··· Dataset entries ···
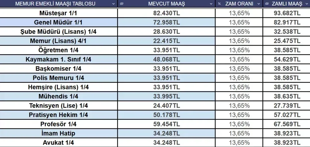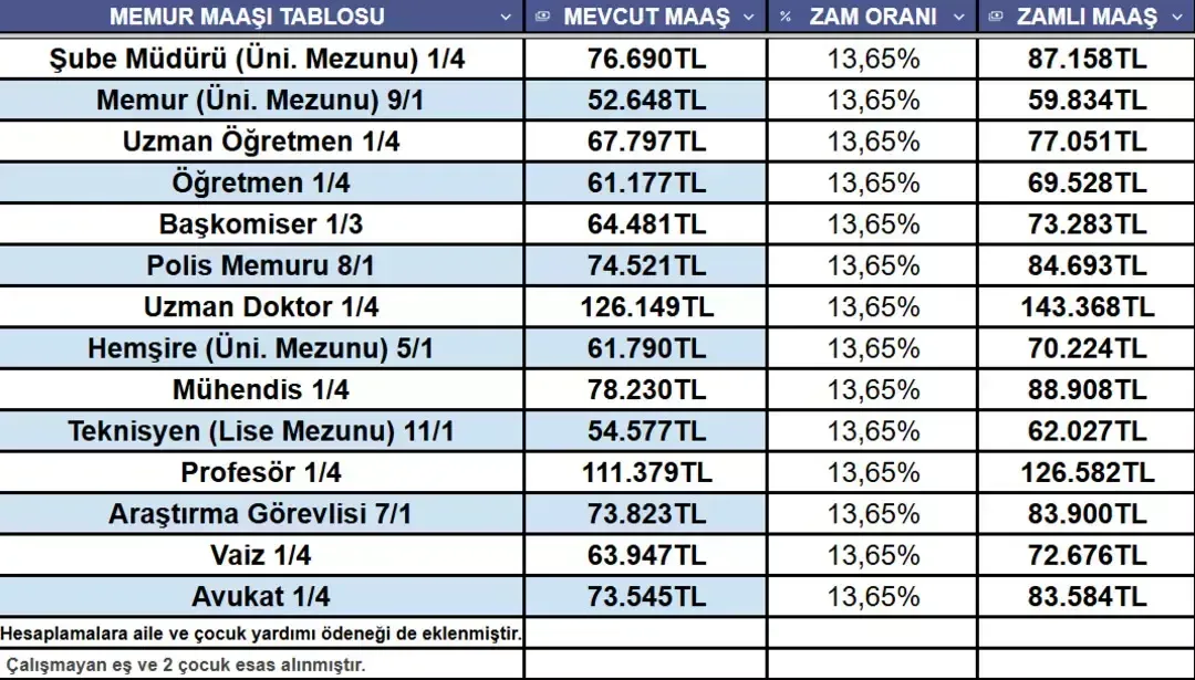 İŞTE YENİ ZAMLI MAAŞLAR:
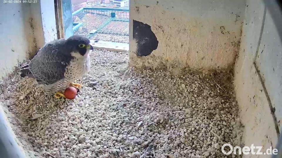 Das Wanderfalken-Paar auf der Nürnberger Kaiserburg hat ein erstes Ei in seinem Horst. Über eine Webcam können Vogelfans beobachten, wie das Weibchen brütet, das Ei aber auch immer wieder für längere Zeit verlässt. Erst ab dem letzten oder vorletzten Ei werde sie das Gelege vollständig bebrüten, schrieb die Regierung von Mittelfranken am Montag auf der Projekt-Homepage. Medien hatten zuvor berichtet.
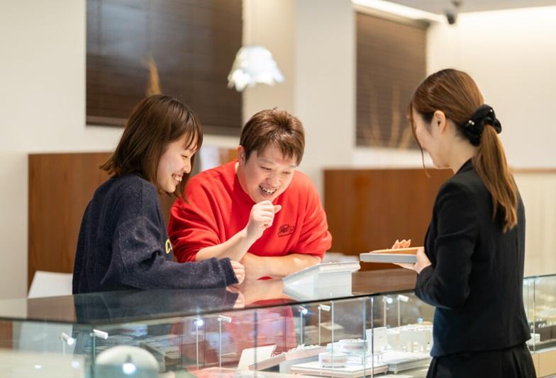 【Kさん】 僕は指輪を選ぶこと自体が初めてでしたが、1日でこんなに多くの指輪を見ることに驚きました。まず、予算をスタッフの方にお伝えし、その予算に合う指輪を紹介してもらったのですがほとんどのショーケースを開けて試着させてもらったのではないかと思います。
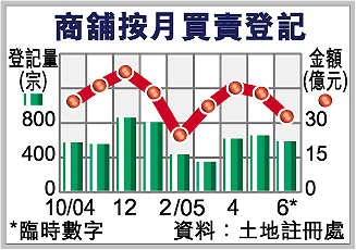 中原地產研究部指出,今年上半年錄得3353宗商舖買賣登記,較去年同期的2618宗升28.1%,並且超越97年同期2967宗水平,為95年下半年以來,首度逾3000宗登記。
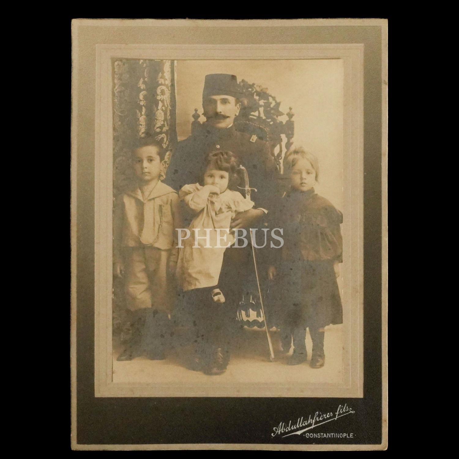 Bir Osmanlı subayının çocuklarıyla birlikte Abdullah Freres Fils Fotoğrafhanesi´nde (Constantinople) aldırdığı kabin fotoğraf, 14x19 cm...
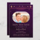 Mística Arco-Íris Profundo Plum Sun Moon Star Espaço Salva As Datas apresentam um arco-íris colorido sol, lua e estrelas em um fundo profundo de ameixa. Dentro é a sua foto favorita e o seu personalizado salva as informações de data. Personalize editando o texto nas caixas de texto. Projetado para você por ©Evco Studio www.zazzle.com/store/evcostudio
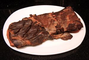The meat should marinate for 1 week before cooking, which could also be suitable for a preservative cure, however, in this recipe it is purely for the purpose of flavouring.
···
Work instruction: Starting where a line contains "Mística Arco-Íris Profundo" and finishing at the last line above, set down every line exactly as it reads, with no pictures.

Exercise answer:
 Mística Arco-Íris Profundo Plum Sun Moon Star Espaço Salva As Datas apresentam um arco-íris colorido sol, lua e estrelas em um fundo profundo de ameixa. Dentro é a sua foto favorita e o seu personalizado salva as informações de data. Personalize editando o texto nas caixas de texto. Projetado para você por ©Evco Studio www.zazzle.com/store/evcostudio
The meat should marinate for 1 week before cooking, which could also be suitable for a preservative cure, however, in this recipe it is purely for the purpose of flavouring.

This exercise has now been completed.